Some kind of scoring for damage dealt instead of scoring for survival would be a big improvement! It's a small issue, but to me it's the difference between a 4/10 and an 8/10.

Help me out! I want to love this game!

I've talked to you about this before, in that I don't want to turn the game into a VP based Eurogame. I'm sorry to hear that your gaming group doesn't get stuck in and decides to skirt the field instead.

There are plenty of houserules you can use to try to force them to fight, as I'm sure you've realized. I just won't be adding them to the core rulebook. My intent is to keep the core rulebook as streamlined as possible, which is why I don't provide any variants (which I initially had in there, like a drinking game version, different ways to determine first turn, etc.) Mainly because there isn't space on the single page, but also because the game is simple enough that most groups should be able to tweak it to fit what interests them most.
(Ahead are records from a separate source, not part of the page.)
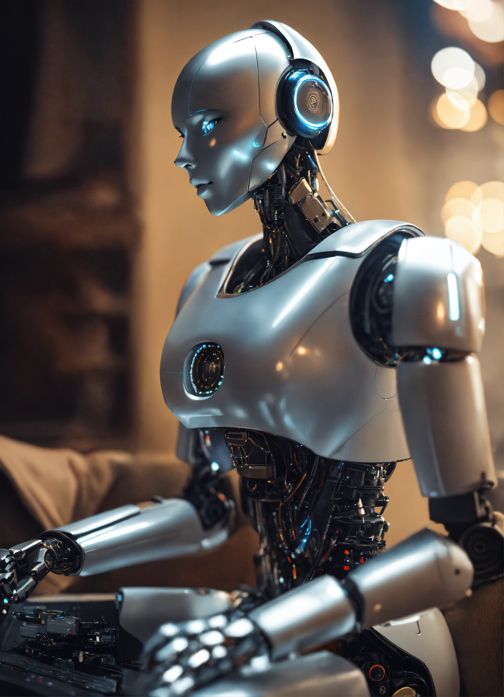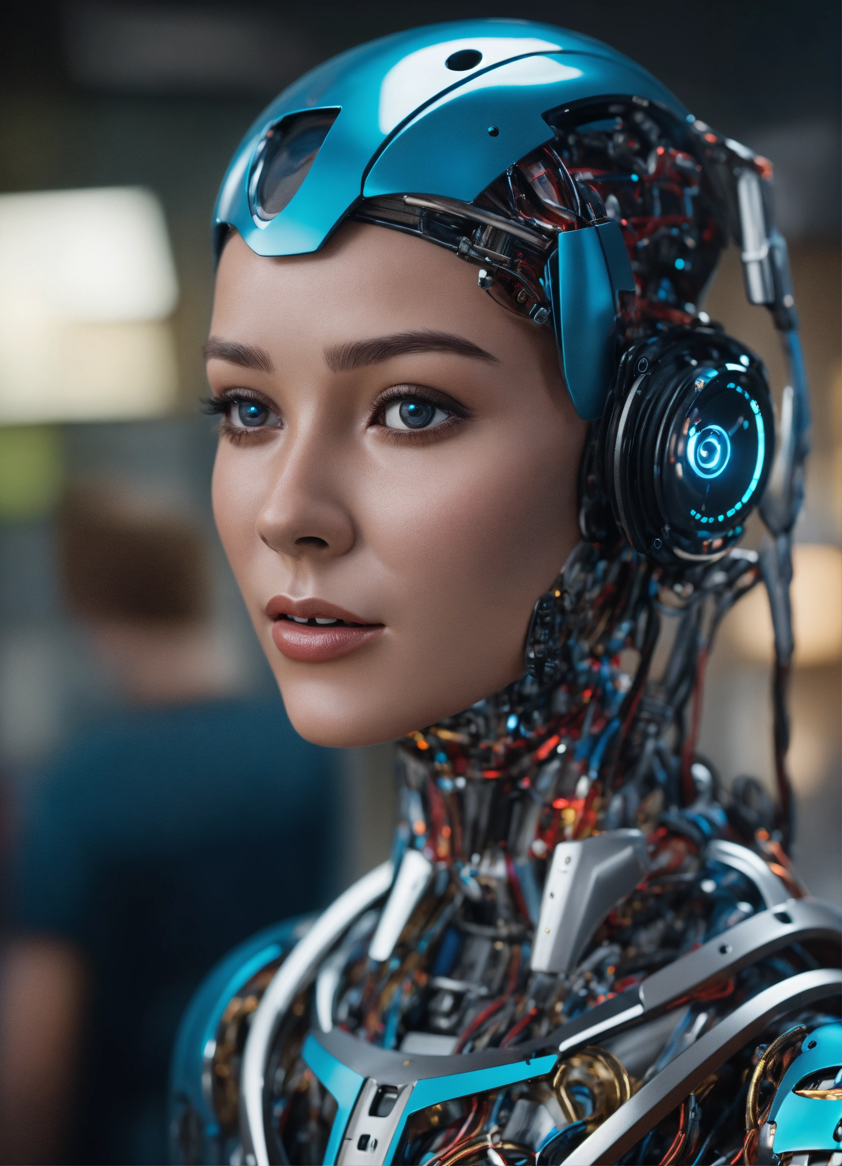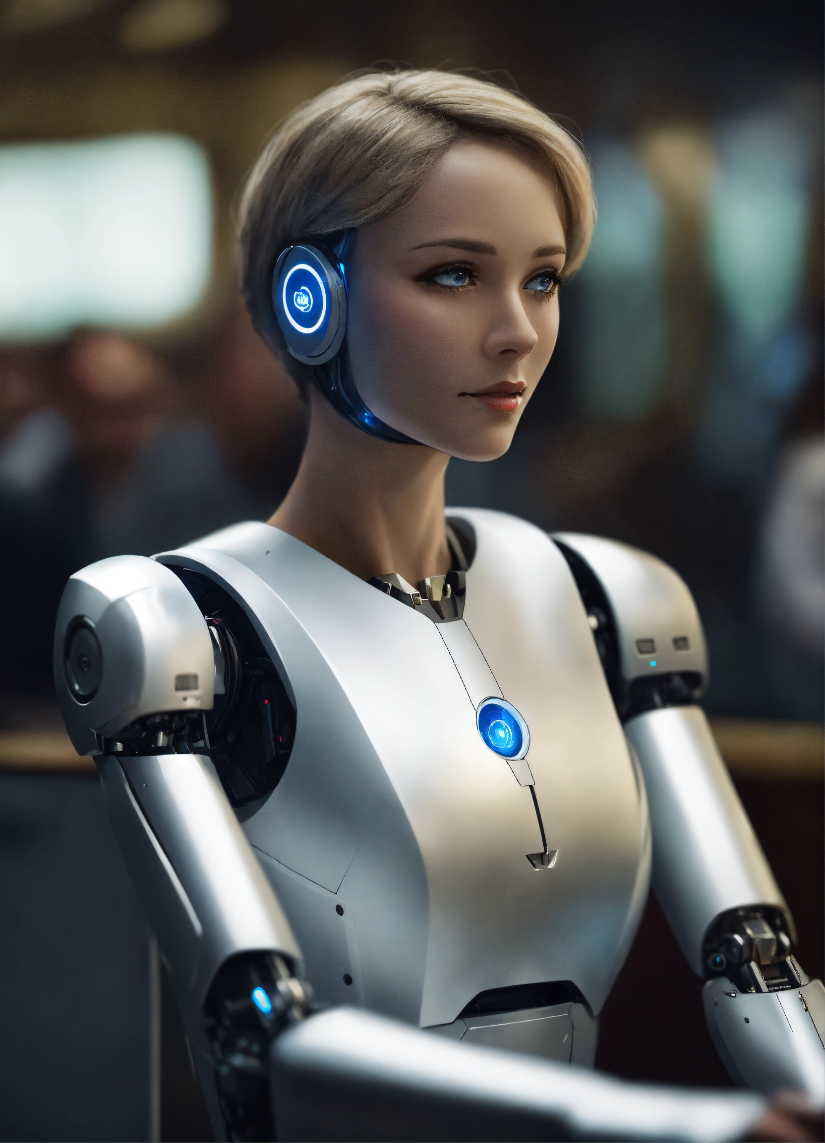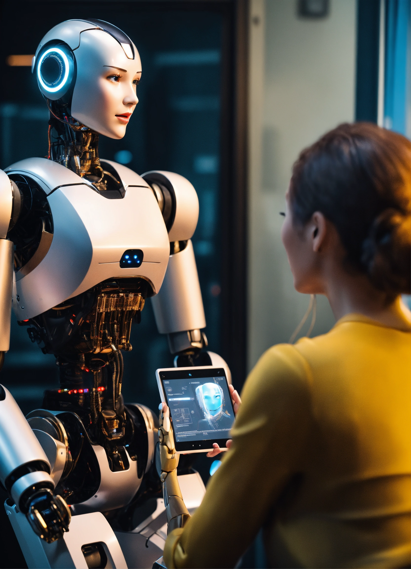 Create a hyper-realistic, 4k, lifelike digital image that show humanoid robot speaking to a human woman
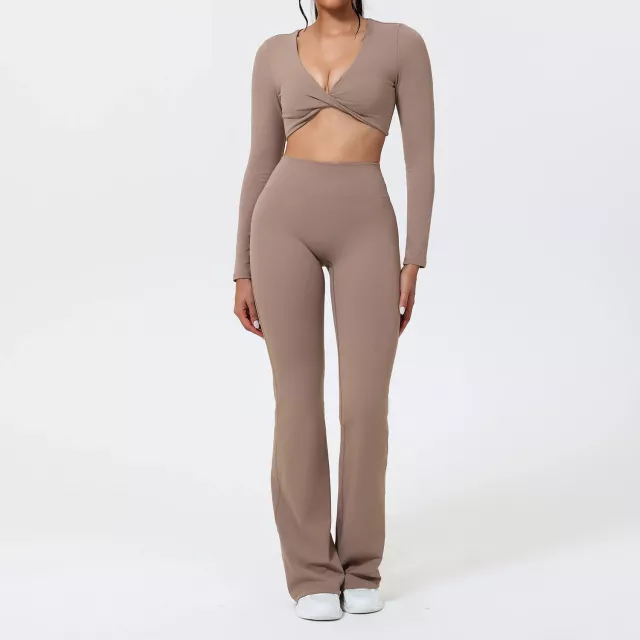 Step into comfort and style with this 2-piece activewear set designed for the modern woman. Featuring a twist-knot long-sleeved cropped sports top and high-waisted flared yoga pants, this set combines fashion and function effortlessly. Made with a soft and stretchy blend of polyester and spandex, it moves with your body, offering ultimate flexibility whether you’re hitting the yoga mat, running errands, or relaxing at home.
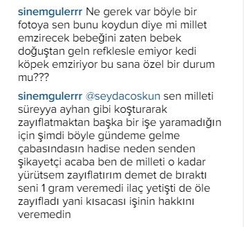 Coşkun, Instagram'da paylaştığı o kareye "Tam destek. Emzir sütün gelsin" notunu düştü.

Some example house rules to help you:

- Demolition Derby style "hit timer", wherein if you go X turns without shooting an enemy you take a penalty. Simplest implementation would be either if you don't shoot by the end of your turn (due to lack of trying, not lack of skill) take 1 damage, or the opponent nearest your car gets to flick you freely instead, or you "reset" to the middle of the table, or anything else.
- Add a close shot bonus, +1 damage if shooting one car length (normally 3") or less.
- Place playing cards on the table, ideally in the center to force players to drive there. Driving over a card gives a bonus, such as repairing Armor, double damage on next shot, free flick, shoot twice, make opponent re-roll, etc.
- Use a smaller playing area to force confrontations.
- Have a "passive zone" a set distance from the edge of the table (either measured each time, or marked with napkins or something else). Anyone in that "ring" (say 6" from the table edge) takes a penalty, because the imaginary spectators in the stands are bored
- Score by hit instead of by survival, like you were talking about. For your group maybe that's the best approach. 1 point per 1 damage given. First to 6 wins. You could even add a turn limit of 7 (or so) to ensure that people are forced to try to do damage each turn.
- Verbally mock players that avoid combat.

etc.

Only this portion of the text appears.